Après avoir débouté à deux reprises des ONG écologistes et représentants du monde agricole en 2021 et 2022, le Conseil d’État reconnaît finalement l’illégalité des dérogations françaises autorisant l’usage des néonicotinoïdes pour les betteraves sucrières.
Le 19 janvier 2023, la Cour de justice européenne publiait un arrêt rappelant aux 27 pays membres de l’Union européenne l’interdiction des semences enrobées de néonicotinoïdes. Il juge les dérogations systématiques octroyées par le gouvernement comme illégales au regard du droit européen. Dans la foulée, le 23 janvier, le ministre de l’Agriculture, Marc Fesneau, a déclaré renoncer à autoriser par dérogation les néonicotinoïdes en France immédiatement.
Depuis 2018, l’UE a interdit ces insecticides de mise sur le marché au sein de son territoire. Pourtant, une dizaine de pays, dont la France, avaient pris des dérogations pour préserver les rendements sucriers grâce à ces insecticides. Alors que le Conseil d’État avait rejeté à deux reprises les requêtes d’ONG écologistes et de représentants du monde agricole et apicole, il reconnaît finalement dans une décision du 3 mai que « les dérogations permettant leur utilisation pour les cultures de betteraves sucrières accordées en 2021 et 2022 étaient […] illégales ». Et pour cause, « aucune dérogation n’est en effet possible si la Commission européenne a formellement interdit un pesticide », confirme le Conseil d’État.
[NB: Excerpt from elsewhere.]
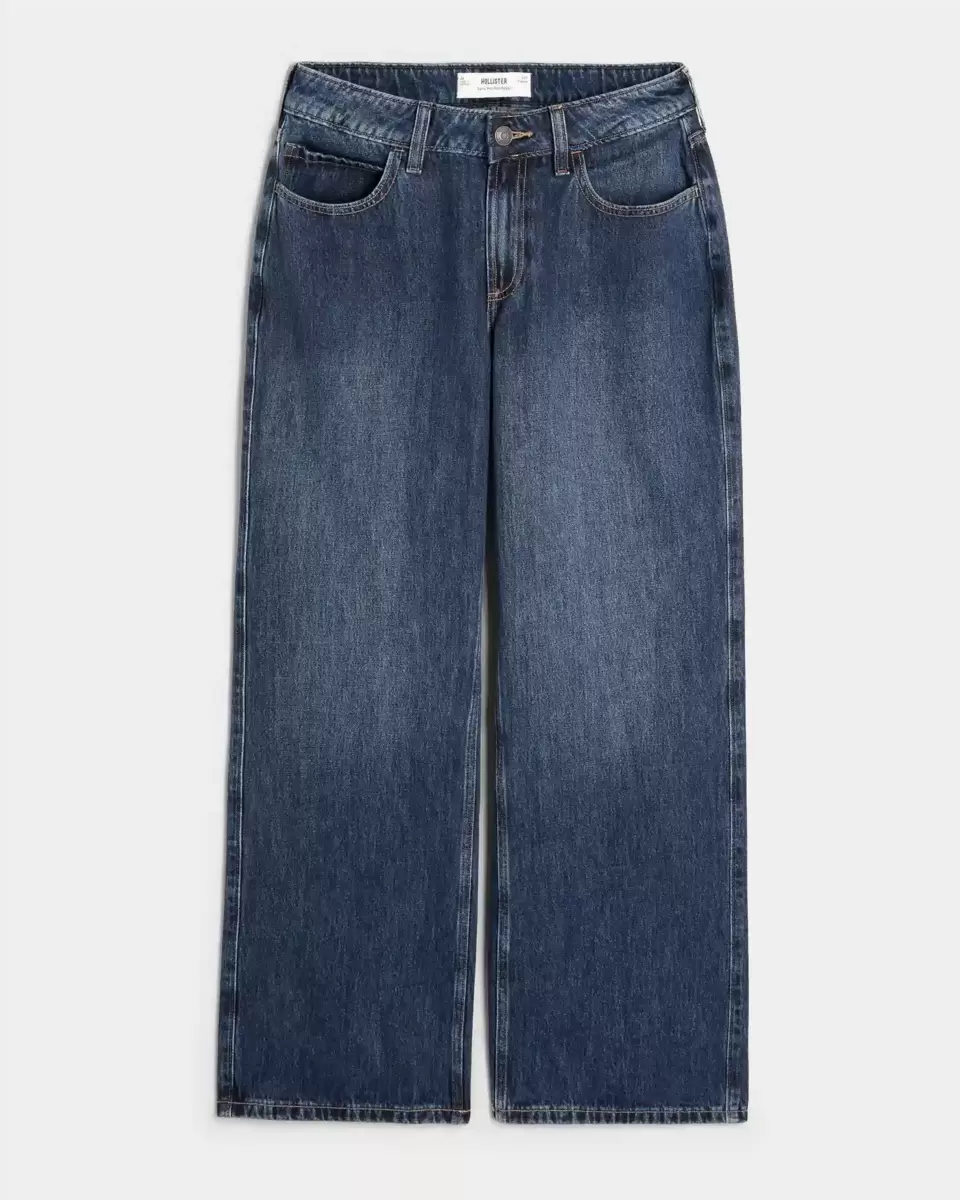 Conçu avec une taille mi-haute et une jambe ample. Denim foncé délavé. Importé.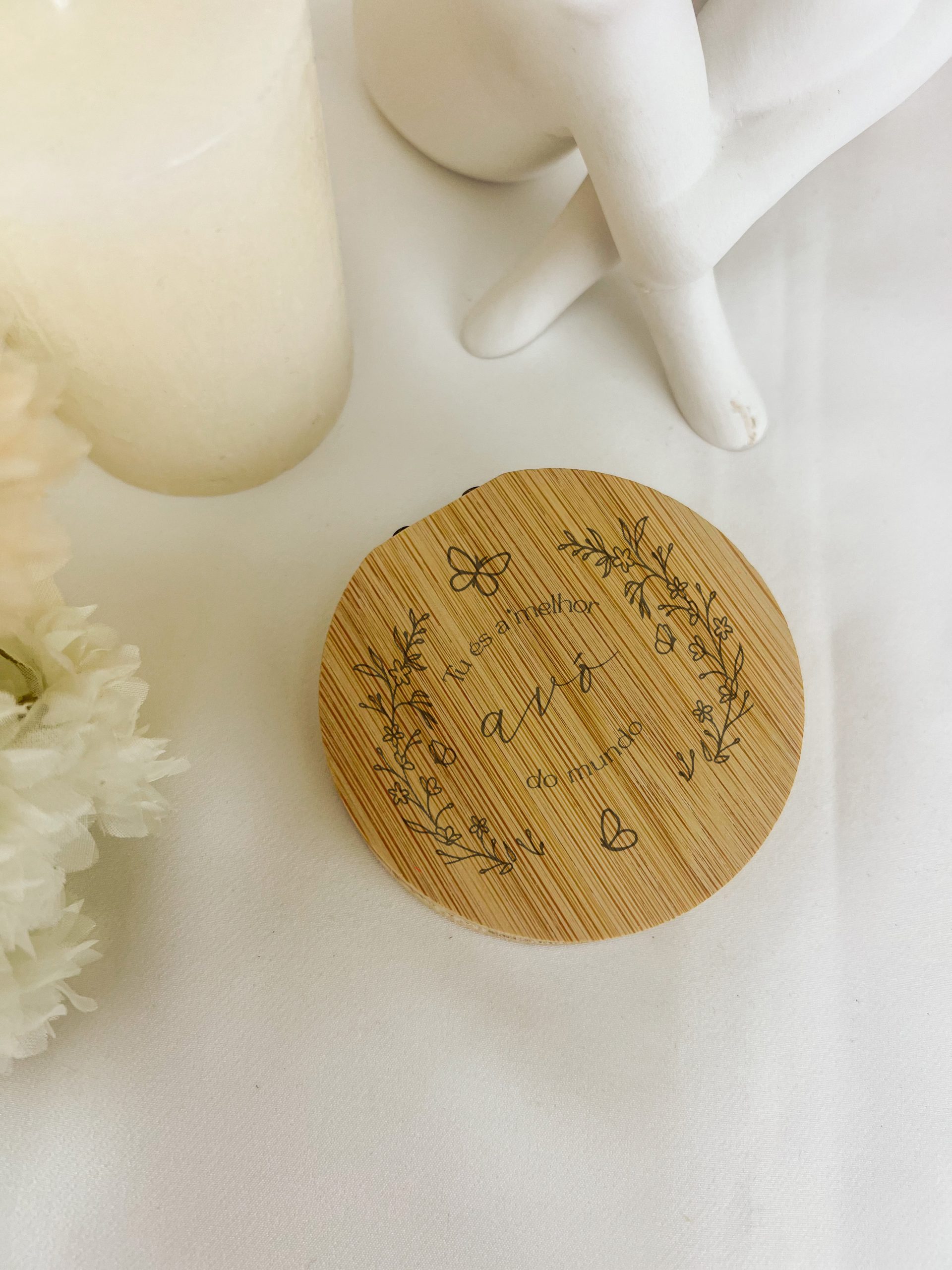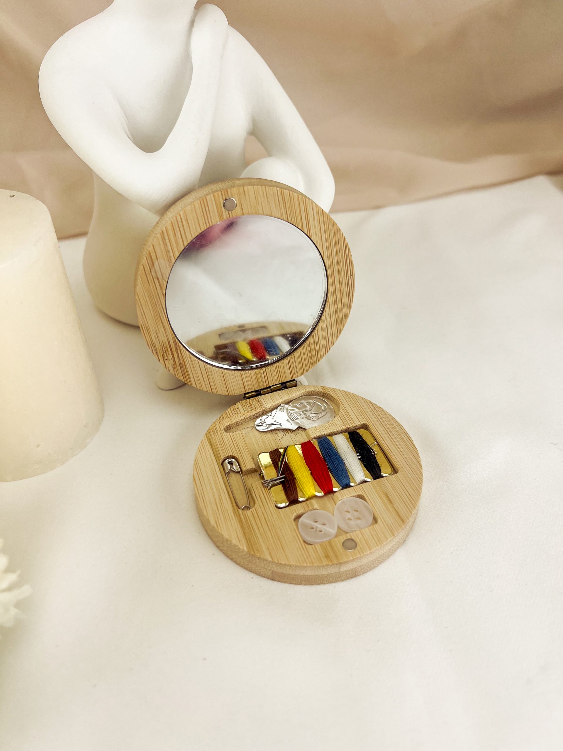 Caixa em bambu, com espelho no interior e fecho magnético.

L’association Agir pour l’environnement y voit une « victoire posthume », mais au « goût amer ». En effet, elle souligne que « la réautorisation illégale des néonicotinoïdes a permis aux betteraviers de semer près de 100 milliards de graines et d’ainsi polluer illégalement la nature ».
Retour sur des dérogations françaises
Le 4 novembre 2020, la France adoptait une loi autorisant l’usage de néonicotinoïdes en cas de danger sanitaire pour les betteraves sucrières. Suite à ce vote, 60 députés et 60 sénateurs avaient saisi le Conseil Constitutionnel pour suspendre l’autorisation dérogatoire de leur usage sur les betteraves jusqu’en 2023. Le 10 décembre, le Conseil Constitutionnel jugeait toutefois la loi conforme à la Constitution. Mais il rappelait que celle-ci devait se faire dans les conditions prévues par le règlement européen.
L’arrêté du 5 février 2021 autorisait les « semences de betteraves sucrières traitées avec des produits contenant les substances actives imidaclopride ou thiamethoxam ». L’association Agir pour l’environnement, la Confédération paysanne, la fédération Nature et progrès (UNAF) et la Fédération française des apiculteurs professionnels (FFAP) avaient demandé au juge des référés du Conseil d’État de suspendre cet arrêté. Le Conseil d’État a rendu sa décision en référé n°450194 le 15 mars 2021. Il jugeait l’arrêté conforme à la Constitution et au droit européen. « L’arrêté attaqué, qui se borne à mettre en œuvre cette autorisation pour la campagne 2021, ne porte, par lui-même, aucune atteinte grave et manifestement illégale à la liberté du commerce et de l’industrie et au droit de propriété des éleveurs d’abeilles », expliquait alors le Conseil d’État.
Rebelote en 2022. Dans sa décision en référé n°461238 du 25 février 2022, le juge des référés estime qu’en l’absence de solution alternative, la dérogation autorisant les néonicotinoïdes pour les betteraves sucrières en 2022 est légale. Ce n’était finalement pas le cas.
Cette interdiction définitive des néonicotinoïdes « va empêcher l’ajout de nouvelles pollutions » se félicite pour sa part l’ONG Pollinis, dans un communiqué. Elle prévient toutefois : « L’agriculture conventionnelle les a utilisés pendant 20 ans. Ce sont des molécules qui persistent dans l’environnement. Cela va prendre un certain nombre d’années avant que la France ne soit plus polluée, tant nous étions arrivés à un niveau de pollution important ».